Negative mikveh experiences
24 March, 2005
I have a philosophical question.
I have been married for almost three years, and I have never once had a positive mikvah experience. I was raised orthodox, I always knew I would keep the laws of Taharat Hamishpacha. I have an appreciation for the importance of Halacha, whether we understand it or not, and yet I find the mitzvah of going to the mikvah to be one that I am on the verge of letting go. My problem is not the laws of Niddah, not that they aren't difficult, but they are at least bearable. My problem is specifically with the mikvah experience itself.
My very first time, as a kallah, I made an appointment at a mikvah in my neighborhood that is known to be the "kallah mikvah". They have a beautiful kallah suite and I know that most of my friends went there for their first time. I made a daytime appointment and told them that I was a kallah. When I got there with my mother, we waited for 1/2 an hour for the mikvah lady to arrive just to be let in, and then waited in the waiting room for another 30 minutes before finding out that the room was being prepared for a different girl who's whole family was coming. I used a regular mikvah room, which would have been fine if I had been given it right away instead of having to wait for an hour and not even getting the special treatment of a kallah.

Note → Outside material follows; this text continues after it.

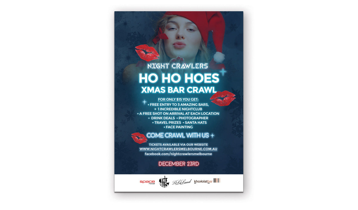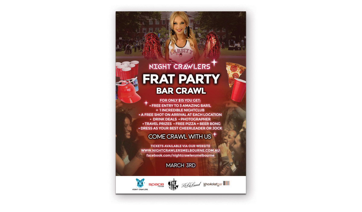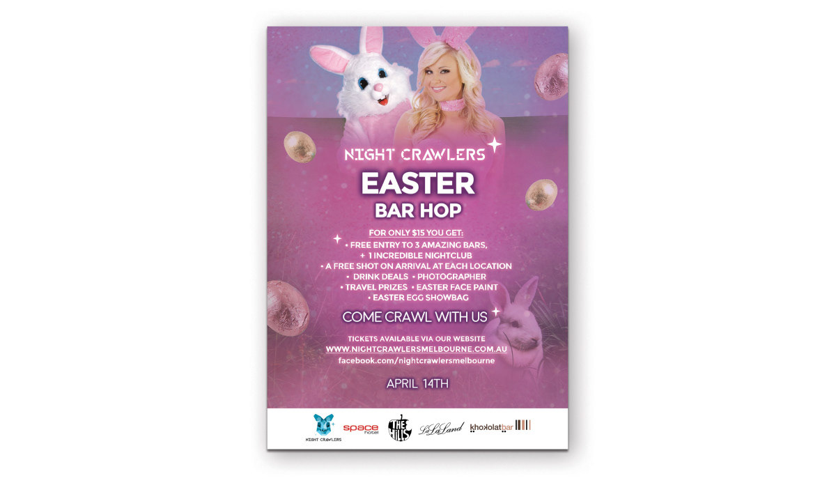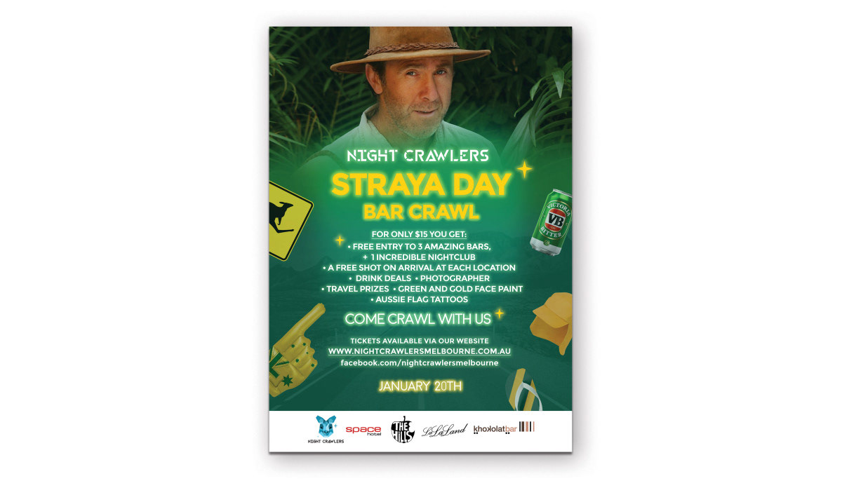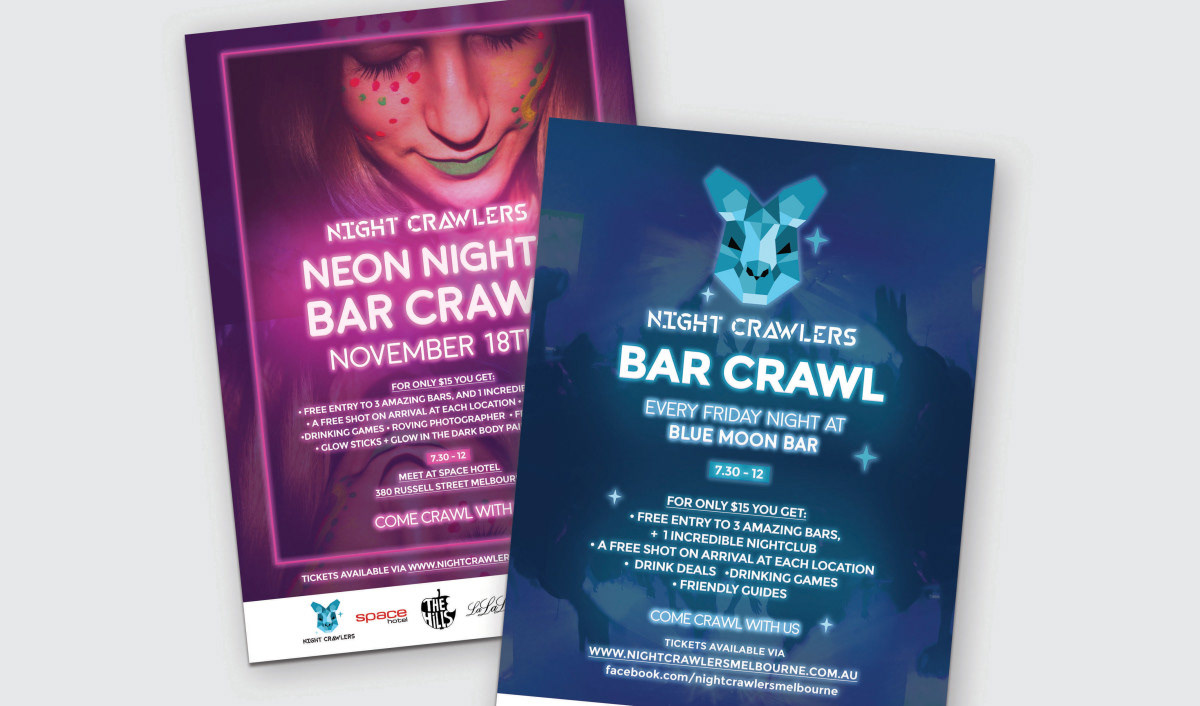 Branding and flyer designs for ‘Night Crawlers’, a bar crawl in the Melbourne CBD, targeted at travellers.

After that my experiences range from nasty mikvah ladies; to not finding parking; to getting terribly lost to and from the mikvah; my first few periods occured such that I was always somewhere else the night I had to go to the mikvah, so I never got used to one place. One time I had to go on a Motza"sh, the mikvah I went to was very small and obscure. When I got there, and finally figured out where the door was, there was a bug the size of my palm (I am not exaggerating) right near the doorknob. I called my husband freaking out and waited outside for 5 minutes until it flew away. And if that's not enough when I got in there the mikvah lady was crazy! She filed my toenails down till I bled. Inevitably, by the time I return home from the mikvah, I am in no mood to be with my husband, which is horrible on so many levels, not the least of which is the fact that he is usually very much in the mood.
I don't know why this is happening to me and I need some chizuk.
Thank you for reading my whole long megillah!
We're sorry to hear that you've had such a run of unfortunate mikveh experiences. Kol hakavod for sticking to the laws of niddah for these three years.
Your question suggests its own answer. This cycle, before you have to go to a mikveh, talk to friends, call around, visit, and even talk to mikveh ladies until you find a mikveh that meets your needs. Then do your best to use that mikveh. You wouldn't get lost, you'd pick one with good parking, and you'd start to get used to it. There is a week's lead time to work out logistics. If necessary, it is often possible to arrange for later hours for a fee.
As for mikveh ladies, most are overworked volunteers or undercompensated workers doing their best to facilitate observance of this mitzvah. Should you wish to, you could gently decline any services aside from observing the immersion to ensure that your hair is all underwater. You will have checked ahead of time that such wishes would be honored.
On the whole, however, it may prove most helpful to intensify your spiritual preparation for mikveh. The more focused we are on our spiritual process and goals, the less physical frustrations irk us. You might enjoy Aryeh Kaplan's Waters of Eden or the anthology Total Immersion.
If you are still having a hard time, please feel free to get back to us.